● **Goal of the exercise**
Your copy of the entries below should hold exactly the lines from the one containing "Reserve aqui |" to the one containing "総運![]() | 草薙謙人さんの総運は46画の1つ星!迷走することが多く苦労するかも。目先のことにとらわれないように。", inclusive, and no pictures.
----- Data under study
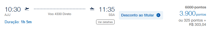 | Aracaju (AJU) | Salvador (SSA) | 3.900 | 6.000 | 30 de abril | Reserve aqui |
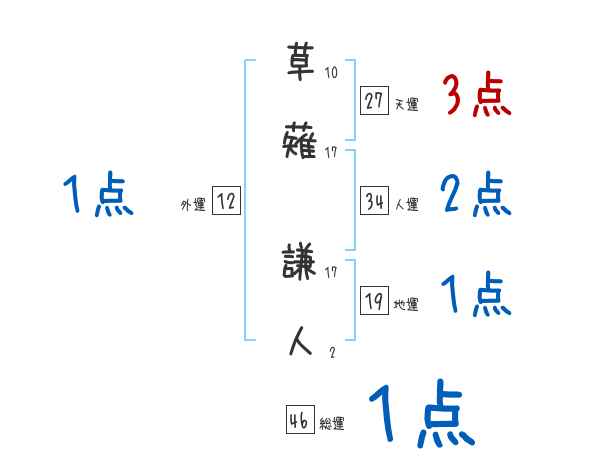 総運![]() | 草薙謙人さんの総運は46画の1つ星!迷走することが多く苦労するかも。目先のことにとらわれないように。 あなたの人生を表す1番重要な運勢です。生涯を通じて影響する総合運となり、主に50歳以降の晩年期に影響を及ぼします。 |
----------
----- Data under study
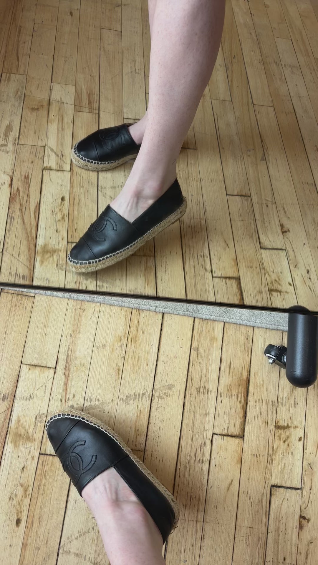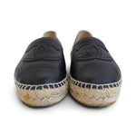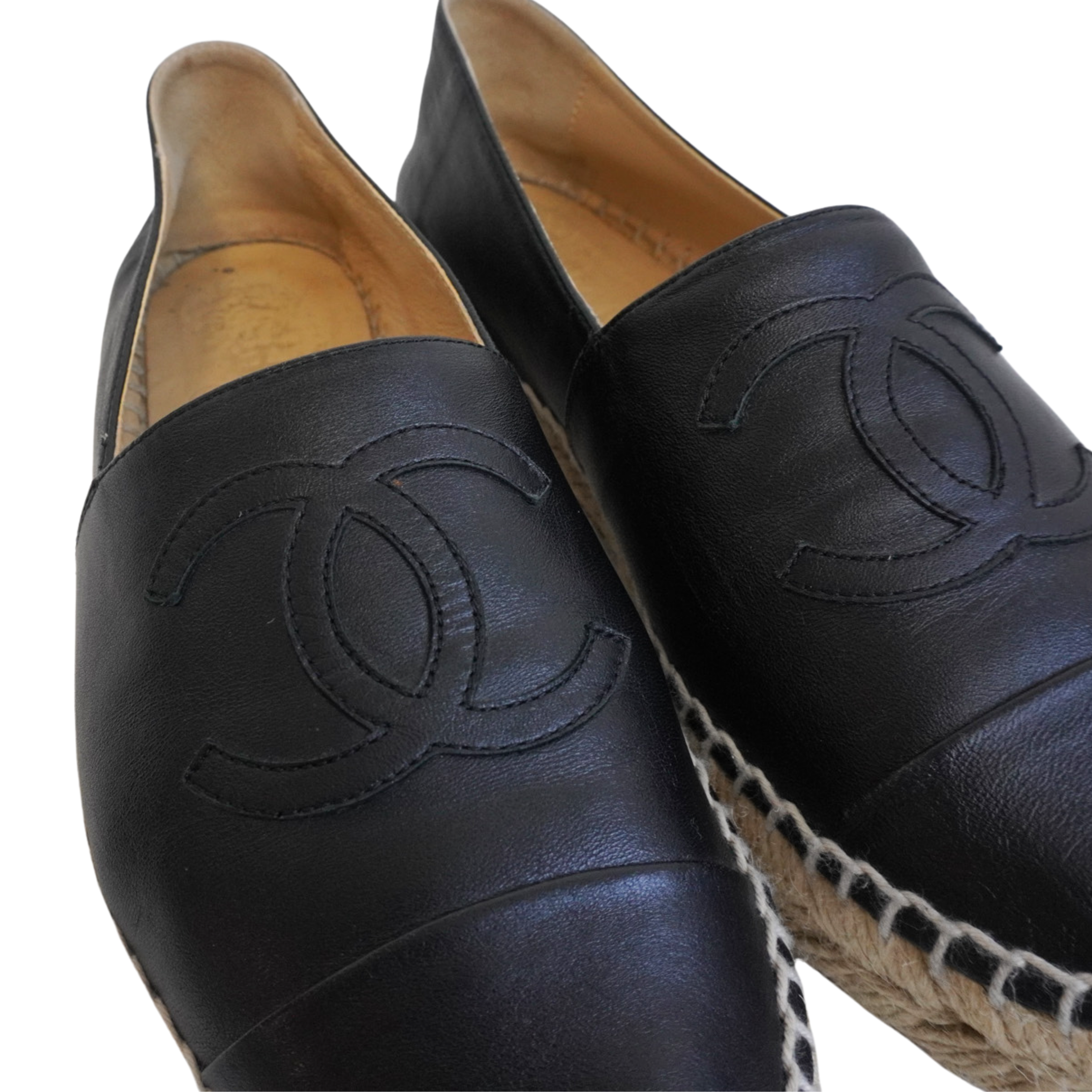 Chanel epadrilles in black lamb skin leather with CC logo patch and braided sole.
----------
● **Result**
 | Aracaju (AJU) | Salvador (SSA) | 3.900 | 6.000 | 30 de abril | Reserve aqui |
 総運![]() | 草薙謙人さんの総運は46画の1つ星!迷走することが多く苦労するかも。目先のことにとらわれないように。 あなたの人生を表す1番重要な運勢です。生涯を通じて影響する総合運となり、主に50歳以降の晩年期に影響を及ぼします。 |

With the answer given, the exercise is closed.